US Open TV coverage shifts to Shinnecock Hills Golf Club on Thursday, and Scottie Scheffler is the name at the center of it. The 126th U.S. Open starts at a venue that has repeatedly punished scorecards, with Scheffler trying to become the seventh man to complete the career Grand Slam.
That chase comes with a complication: Scheffler has not won in his past 11 starts. He still arrives as the leading favorite, backed by three runner-up finishes and seven top-10s on the PGA Tour, plus four top-10s in his past five U.S. Open starts.
Shinnecock Hills and the score
The setup at Shinnecock Hills has historically separated the field fast. In five previous U.S. Opens there, dating back to 1896, only three golfers finished under par: Raymond Floyd won in 1986 at 1 under, Corey Pavin won in 1995 at even par, and Retief Goosen won in 2004 at 4 under while Phil Mickelson posted 2 under.

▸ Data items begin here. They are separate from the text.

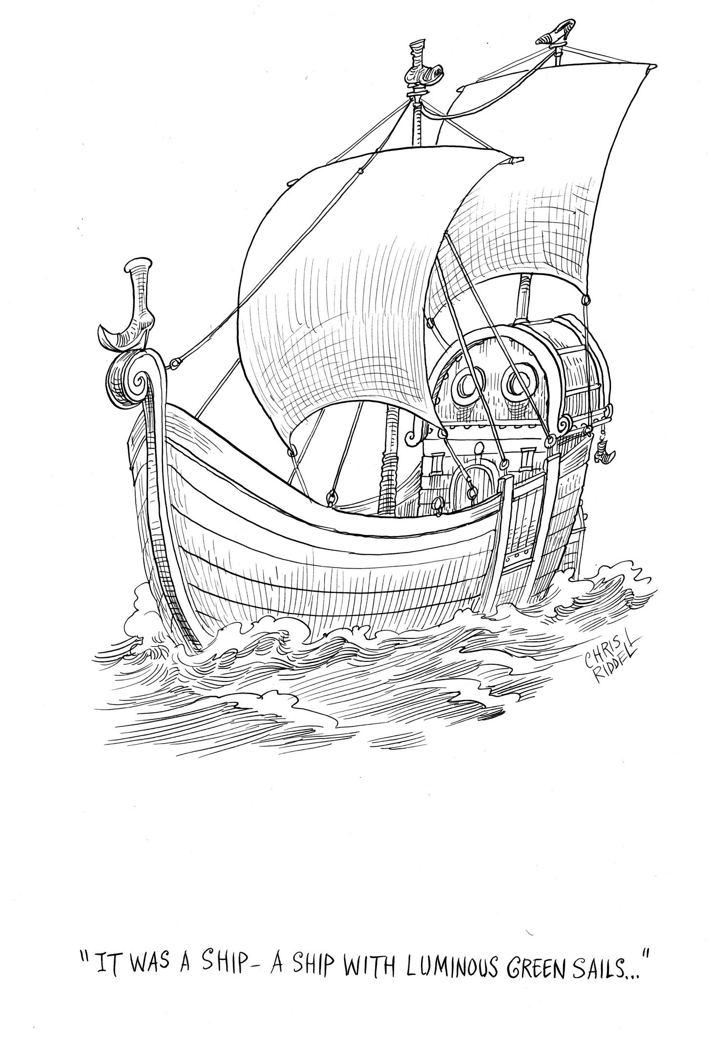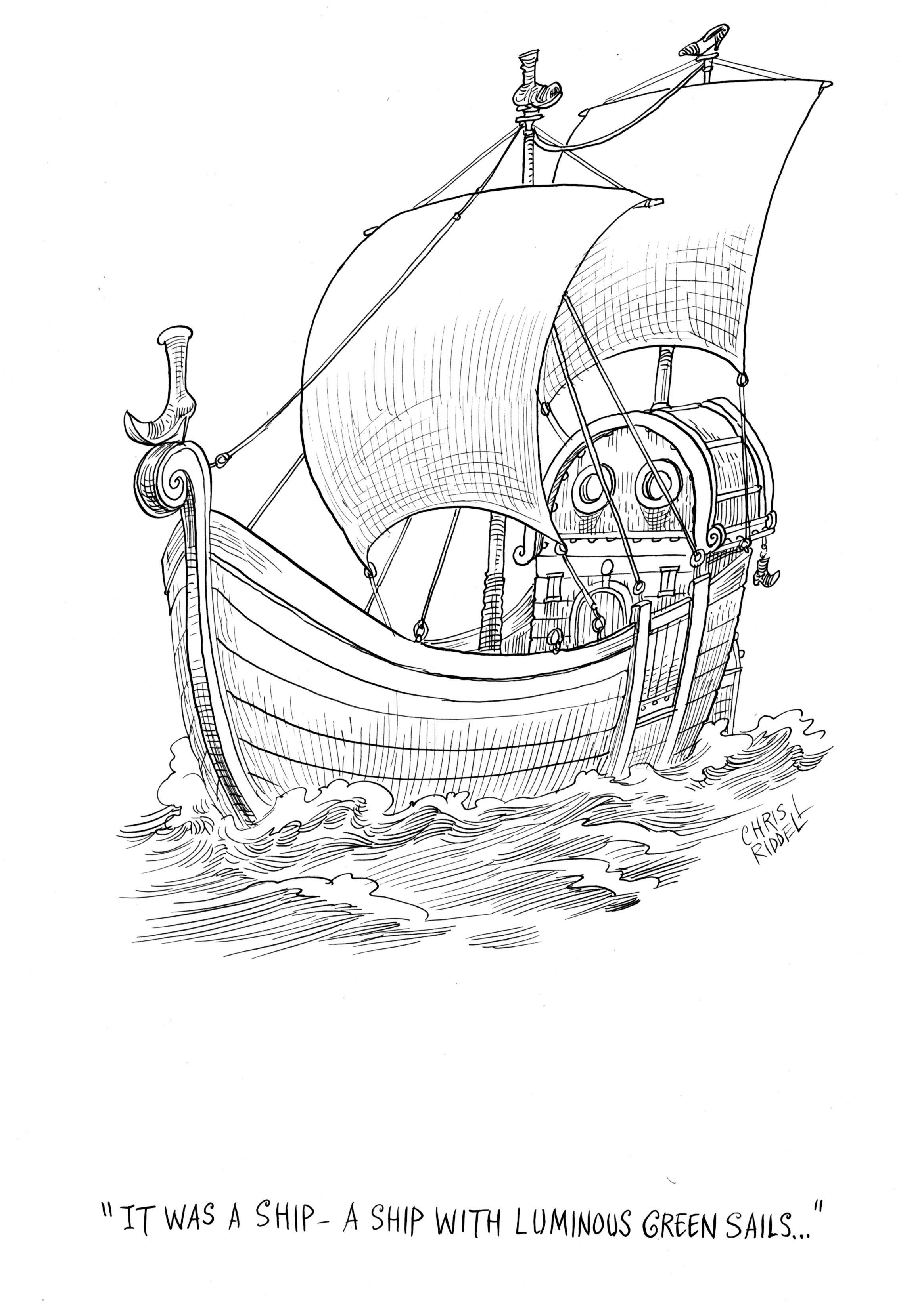 It was a ship — a ship with luminous green sails and ropes with eyelets which scraped from the hull.
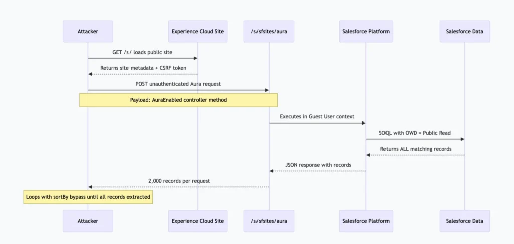 Researchers at AppOmni identified hundreds of public-facing Experience Cloud sites leaking customer records — often millions of them — through the unauthenticated Aura API endpoint at
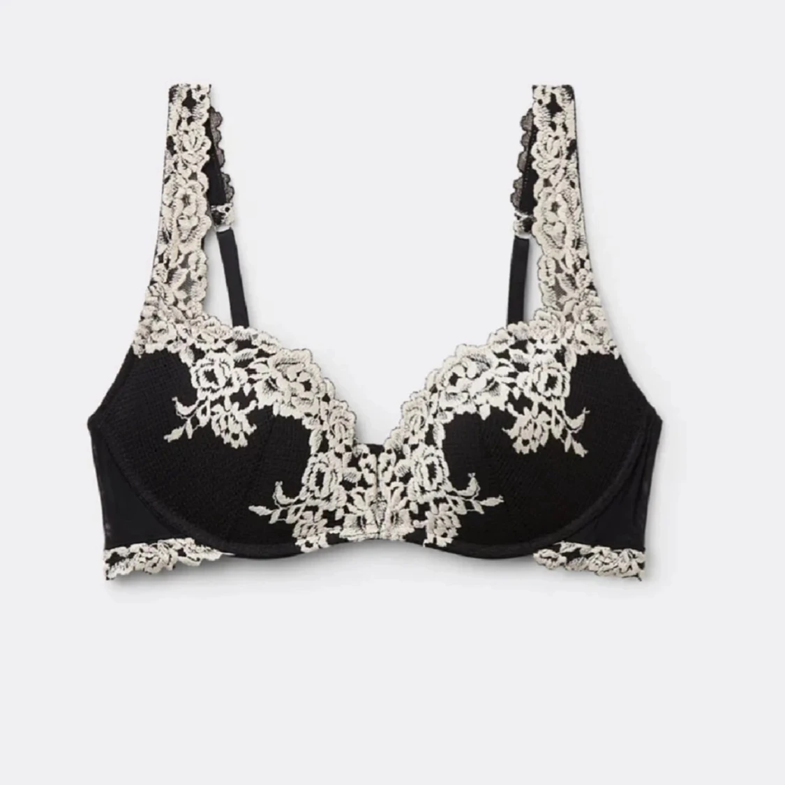 Snygg svart bh med vit blommig spets och broderade detaljer längs kupor och axelband. Ger en lyxig och feminin känsla med sina kontrasterande färger och eleganta spetsmönster. Perfekt för dig som gillar stilrena och romantiska underkläder.

Brooks Koepka won the last U.S. Open at Shinnecock Hills at 1 over, then became the first back-to-back winner since Curtis Strange in 1988-89. The final round in 2004 was even harsher: 28 golfers could not break 80 on Sunday, and the average score was 78.7.
Matt Fitzpatrick on the setup
Matt Fitzpatrick put the course in plain terms. “[It's a] second-shot golf course,” he said, and added, “The fairways are a little bit wider this time.” He also said, “Obviously, [the] U.S. Open tests all aspects of your game, I feel like.”
Then he pointed to the green complexes. “But Shinnecock, in particular, with how severe the greens are, you've got to do a good job of managing that.” For players in this field, that means the scoring margin will hinge on controlling approaches and avoiding extra shots on the greens, not just driving the ball into position.
McIlroy, Rahm and Young
Rory McIlroy adds another major name to the week. He won the Masters and has three straight top 20s, and his lone U.S. Open title came at Congressional Country Club in Bethesda, Maryland, 15 years ago.
Xander Schauffele has seven top-10s in nine U.S. Open starts and has not finished worse than a tie for 14th. Jon Rahm, who won the 2021 U.S. Open, has won twice in the LIV Golf League this season and tied for second in the PGA Championship two weeks ago in Spain. Cameron Young, with two wins and six top-10s in 2026, will again play in front of a home crowd after doing so at Bethpage Black during last year's Ryder Cup.
By Sunday, the question is not simply whether Shinnecock Hills will play hard. It is whether Scheffler can turn a difficult week into the one result that would finish the Grand Slam conversation.